Input material Block Start

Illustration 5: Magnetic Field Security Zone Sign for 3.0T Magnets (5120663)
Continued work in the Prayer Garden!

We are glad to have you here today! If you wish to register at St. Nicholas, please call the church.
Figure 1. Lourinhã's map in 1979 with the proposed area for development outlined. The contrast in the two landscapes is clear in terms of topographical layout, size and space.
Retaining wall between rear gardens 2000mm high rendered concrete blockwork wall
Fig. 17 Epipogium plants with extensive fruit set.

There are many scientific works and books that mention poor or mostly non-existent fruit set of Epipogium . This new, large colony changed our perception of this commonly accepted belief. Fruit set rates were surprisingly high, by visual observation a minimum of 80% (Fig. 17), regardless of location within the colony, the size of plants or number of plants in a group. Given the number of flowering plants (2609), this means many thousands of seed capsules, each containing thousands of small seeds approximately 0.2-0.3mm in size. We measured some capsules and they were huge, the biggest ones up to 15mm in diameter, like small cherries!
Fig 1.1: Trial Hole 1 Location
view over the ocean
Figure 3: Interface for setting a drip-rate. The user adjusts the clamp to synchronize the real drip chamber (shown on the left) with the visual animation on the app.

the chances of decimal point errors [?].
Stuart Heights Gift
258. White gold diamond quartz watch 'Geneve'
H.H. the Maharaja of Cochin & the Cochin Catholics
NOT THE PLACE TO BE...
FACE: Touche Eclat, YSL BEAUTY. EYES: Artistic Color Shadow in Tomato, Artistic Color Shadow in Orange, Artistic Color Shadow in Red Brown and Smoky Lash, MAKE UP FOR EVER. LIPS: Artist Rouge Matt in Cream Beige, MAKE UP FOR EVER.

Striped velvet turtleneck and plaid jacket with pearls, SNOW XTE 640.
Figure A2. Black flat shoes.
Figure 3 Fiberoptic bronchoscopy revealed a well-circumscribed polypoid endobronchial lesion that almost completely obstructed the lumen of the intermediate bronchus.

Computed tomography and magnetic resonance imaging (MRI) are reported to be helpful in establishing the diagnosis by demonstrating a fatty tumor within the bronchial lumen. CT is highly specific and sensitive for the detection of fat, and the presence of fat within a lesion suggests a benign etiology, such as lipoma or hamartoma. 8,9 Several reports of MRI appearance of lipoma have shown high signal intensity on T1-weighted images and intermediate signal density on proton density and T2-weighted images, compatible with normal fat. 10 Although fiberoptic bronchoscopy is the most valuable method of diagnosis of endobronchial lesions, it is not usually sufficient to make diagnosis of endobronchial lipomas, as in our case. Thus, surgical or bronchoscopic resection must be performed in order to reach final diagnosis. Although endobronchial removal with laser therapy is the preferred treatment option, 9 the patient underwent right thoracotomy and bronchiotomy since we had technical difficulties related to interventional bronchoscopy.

Input material Block End
Input material Block Start

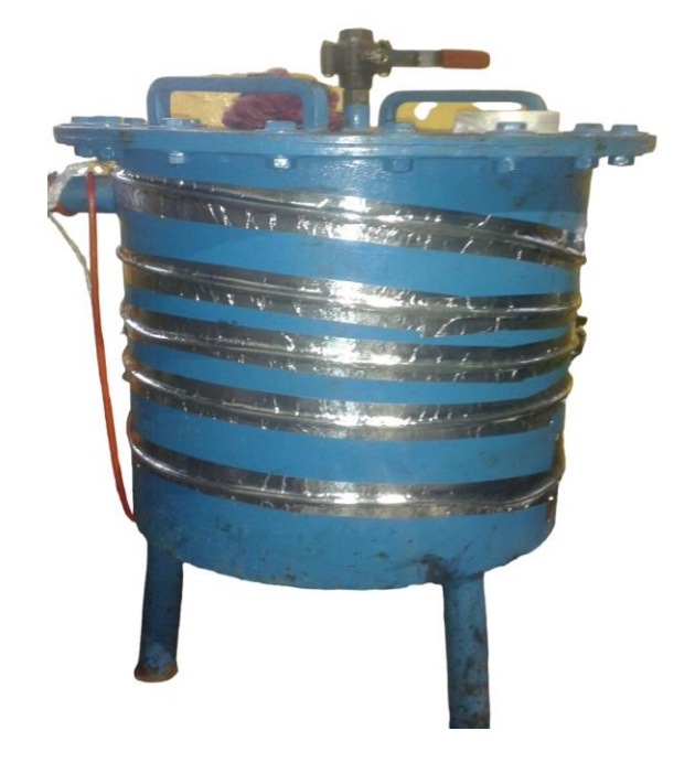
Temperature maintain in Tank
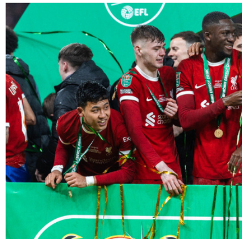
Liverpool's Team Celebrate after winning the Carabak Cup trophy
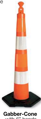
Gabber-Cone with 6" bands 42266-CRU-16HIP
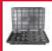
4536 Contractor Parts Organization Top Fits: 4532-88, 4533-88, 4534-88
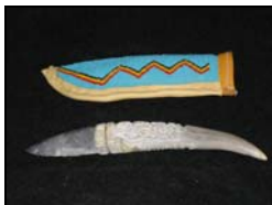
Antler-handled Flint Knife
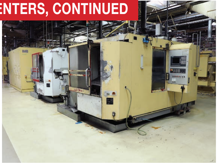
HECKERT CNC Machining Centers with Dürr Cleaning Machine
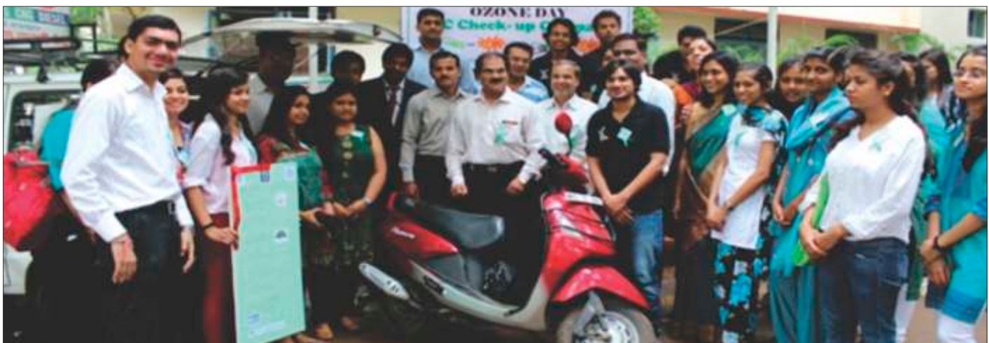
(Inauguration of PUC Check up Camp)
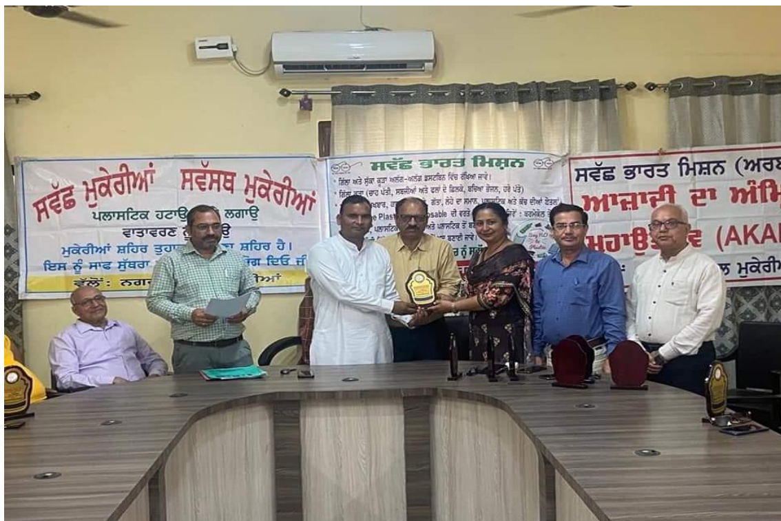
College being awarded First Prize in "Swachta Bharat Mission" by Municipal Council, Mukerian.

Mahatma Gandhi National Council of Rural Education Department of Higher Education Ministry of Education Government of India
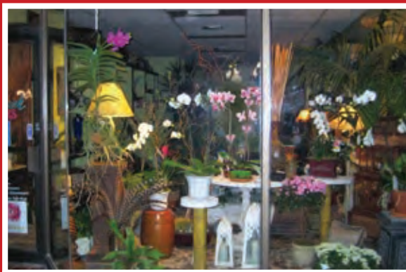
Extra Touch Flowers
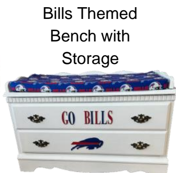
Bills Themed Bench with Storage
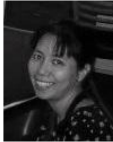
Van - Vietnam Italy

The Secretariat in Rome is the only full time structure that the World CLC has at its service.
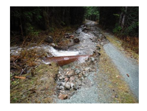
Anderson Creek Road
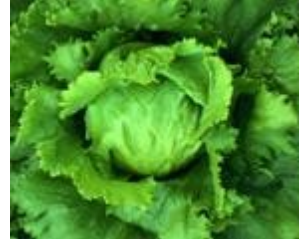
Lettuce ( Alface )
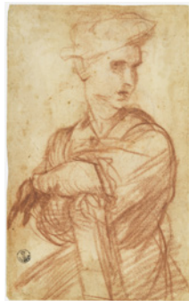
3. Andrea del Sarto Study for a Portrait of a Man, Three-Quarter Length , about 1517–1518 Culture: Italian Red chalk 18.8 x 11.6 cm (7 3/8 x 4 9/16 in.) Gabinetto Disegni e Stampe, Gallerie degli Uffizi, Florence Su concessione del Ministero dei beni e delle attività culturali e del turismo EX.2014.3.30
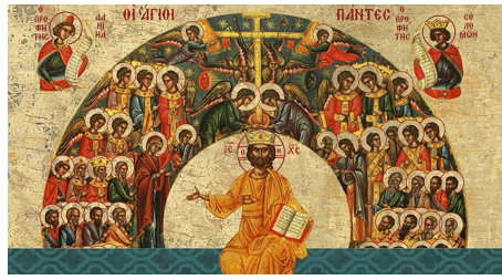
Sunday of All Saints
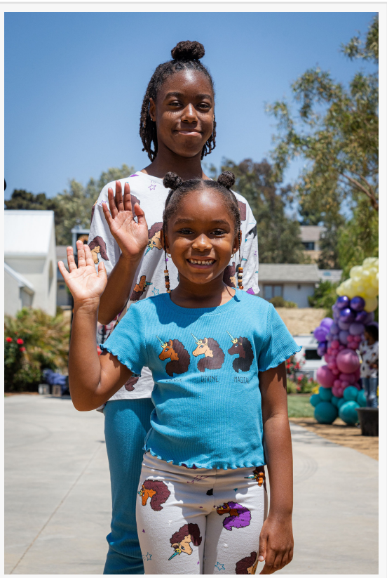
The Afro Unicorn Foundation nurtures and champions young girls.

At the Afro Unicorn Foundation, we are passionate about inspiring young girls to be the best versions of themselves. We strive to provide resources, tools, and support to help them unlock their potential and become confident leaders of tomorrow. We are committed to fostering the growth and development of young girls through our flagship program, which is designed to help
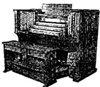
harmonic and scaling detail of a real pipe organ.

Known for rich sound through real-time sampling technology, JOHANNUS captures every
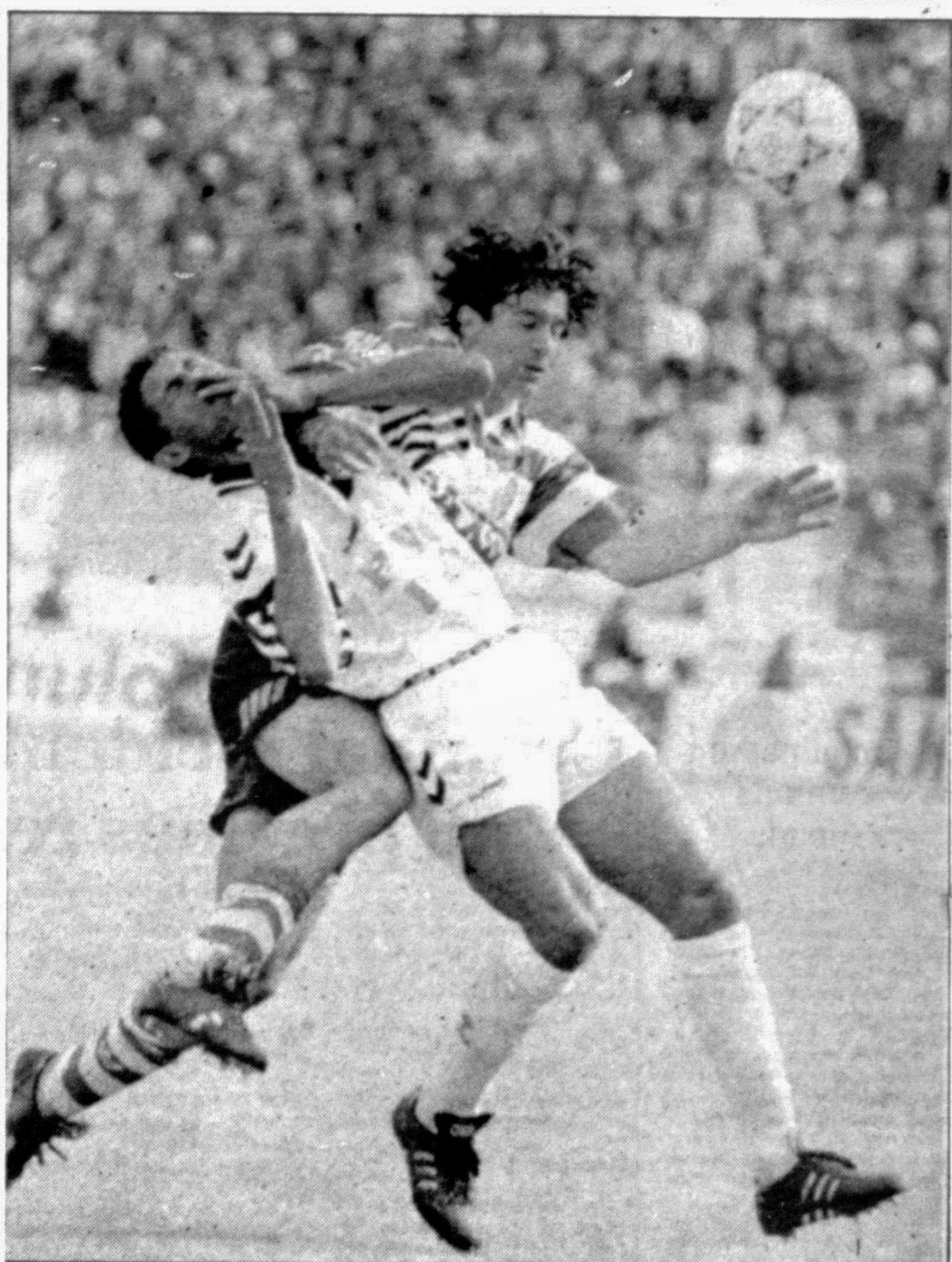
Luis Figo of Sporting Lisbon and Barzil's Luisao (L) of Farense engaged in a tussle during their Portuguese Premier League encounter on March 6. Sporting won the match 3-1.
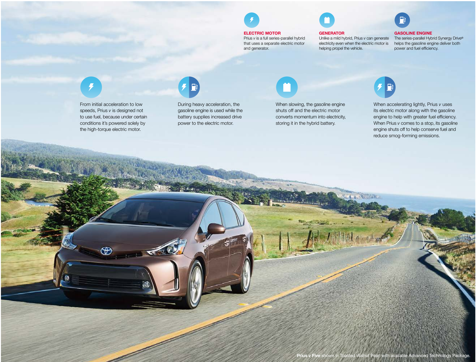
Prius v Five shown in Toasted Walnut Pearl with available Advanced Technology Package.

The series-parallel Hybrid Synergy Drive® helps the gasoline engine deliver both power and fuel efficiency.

Input material Block End

_Task objective_
Copy out, exactly and alone, the lines of the entries above between the ones holding "We are glad" and "Figure 1. Lourinhã's", inclusive.

_Task output_
We are glad to have you here today! If you wish to register at St. Nicholas, please call the church.
Figure 1. Lourinhã's map in 1979 with the proposed area for development outlined. The contrast in the two landscapes is clear in terms of topographical layout, size and space.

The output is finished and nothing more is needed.